*Materials provided:*

- - - - -

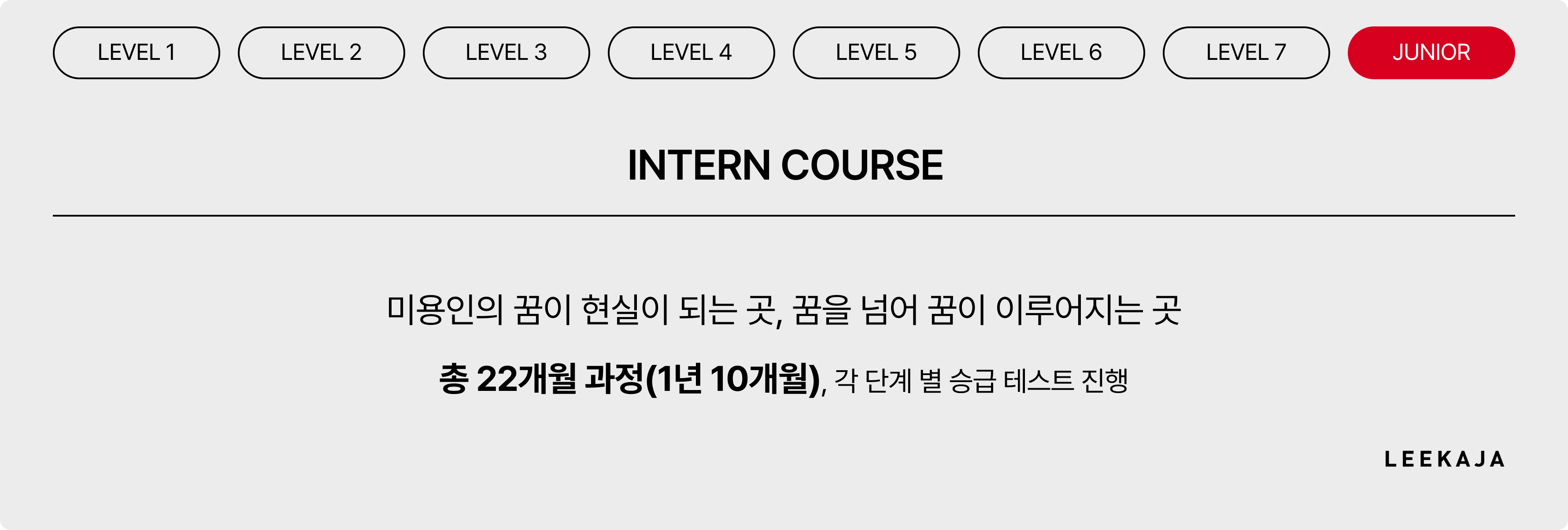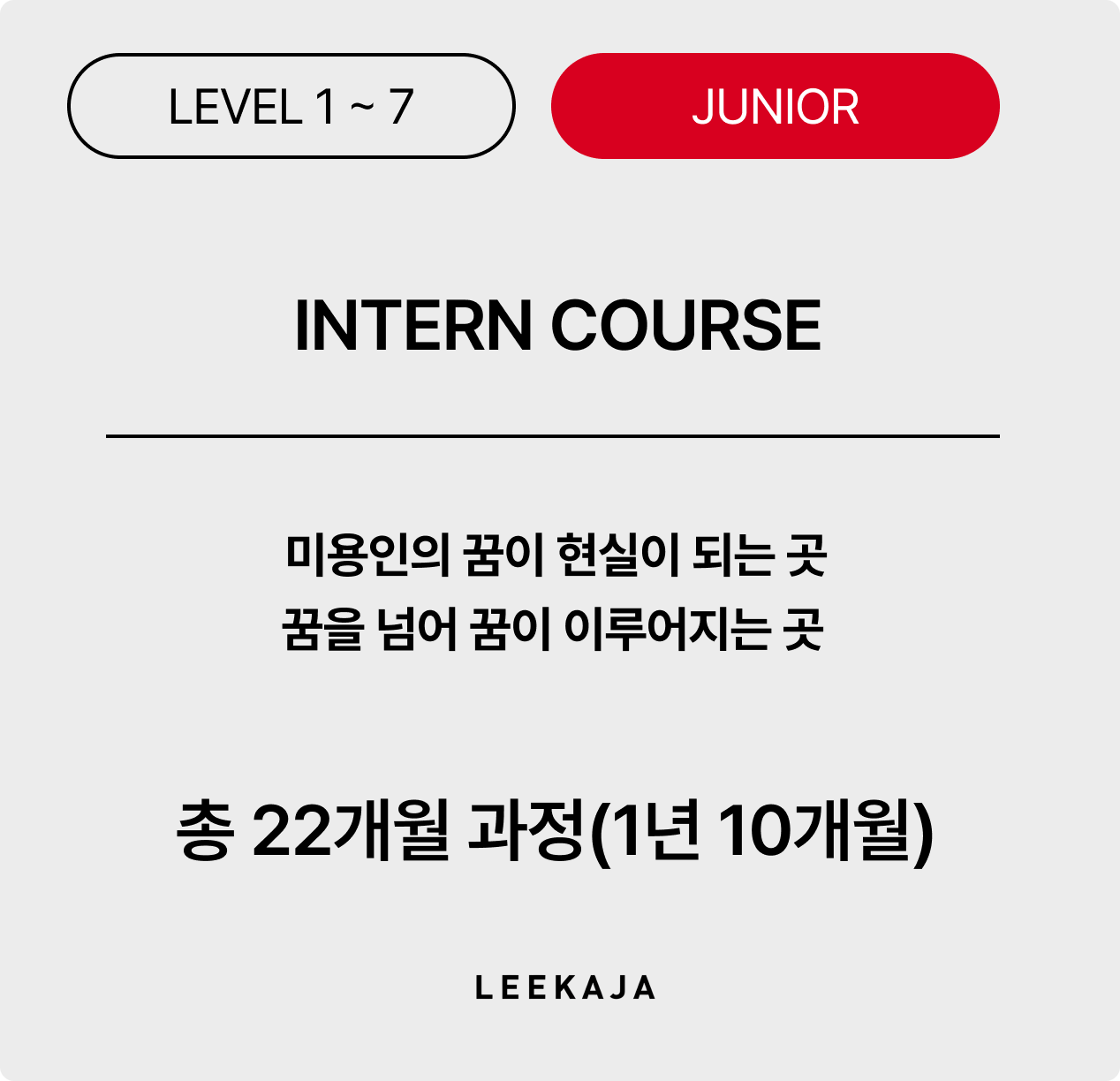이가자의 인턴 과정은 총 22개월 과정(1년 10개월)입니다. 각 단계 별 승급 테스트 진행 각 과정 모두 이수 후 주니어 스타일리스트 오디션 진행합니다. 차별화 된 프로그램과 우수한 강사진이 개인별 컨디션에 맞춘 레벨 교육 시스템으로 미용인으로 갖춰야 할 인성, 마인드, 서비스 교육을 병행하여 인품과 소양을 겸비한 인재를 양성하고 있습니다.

- - - - -

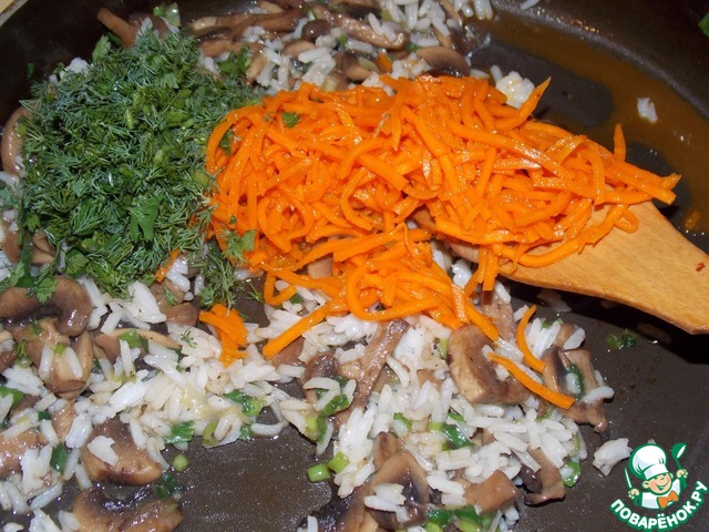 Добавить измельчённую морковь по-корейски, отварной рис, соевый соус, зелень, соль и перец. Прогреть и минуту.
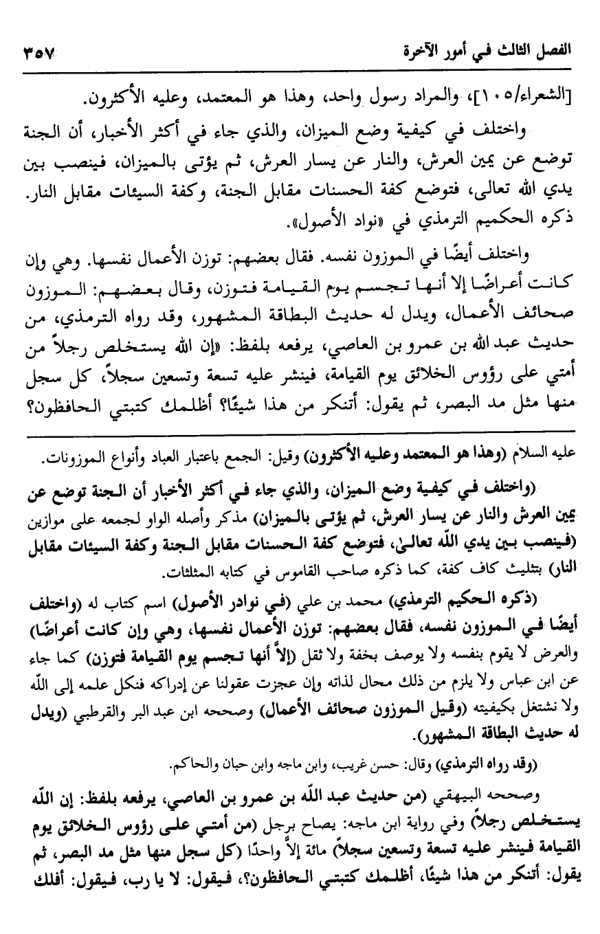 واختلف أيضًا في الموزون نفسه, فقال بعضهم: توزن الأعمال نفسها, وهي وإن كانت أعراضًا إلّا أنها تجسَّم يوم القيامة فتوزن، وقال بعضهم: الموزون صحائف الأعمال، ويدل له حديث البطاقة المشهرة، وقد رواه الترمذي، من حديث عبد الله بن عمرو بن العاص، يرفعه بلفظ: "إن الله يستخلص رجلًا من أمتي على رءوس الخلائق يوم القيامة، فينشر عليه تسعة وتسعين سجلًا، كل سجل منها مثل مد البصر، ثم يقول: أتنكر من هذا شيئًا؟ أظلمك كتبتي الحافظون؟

- - - - -

*Problem to work on:*
The material above holds pictures; leave them out and set down exactly the lines from the line with "Добавить измельчённую морковь" to the line with "واختلف أيضًا في", both included.

*Response for this exercise:*
 Добавить измельчённую морковь по-корейски, отварной рис, соевый соус, зелень, соль и перец. Прогреть и минуту.
 واختلف أيضًا في الموزون نفسه, فقال بعضهم: توزن الأعمال نفسها, وهي وإن كانت أعراضًا إلّا أنها تجسَّم يوم القيامة فتوزن، وقال بعضهم: الموزون صحائف الأعمال، ويدل له حديث البطاقة المشهرة، وقد رواه الترمذي، من حديث عبد الله بن عمرو بن العاص، يرفعه بلفظ: "إن الله يستخلص رجلًا من أمتي على رءوس الخلائق يوم القيامة، فينشر عليه تسعة وتسعين سجلًا، كل سجل منها مثل مد البصر، ثم يقول: أتنكر من هذا شيئًا؟ أظلمك كتبتي الحافظون؟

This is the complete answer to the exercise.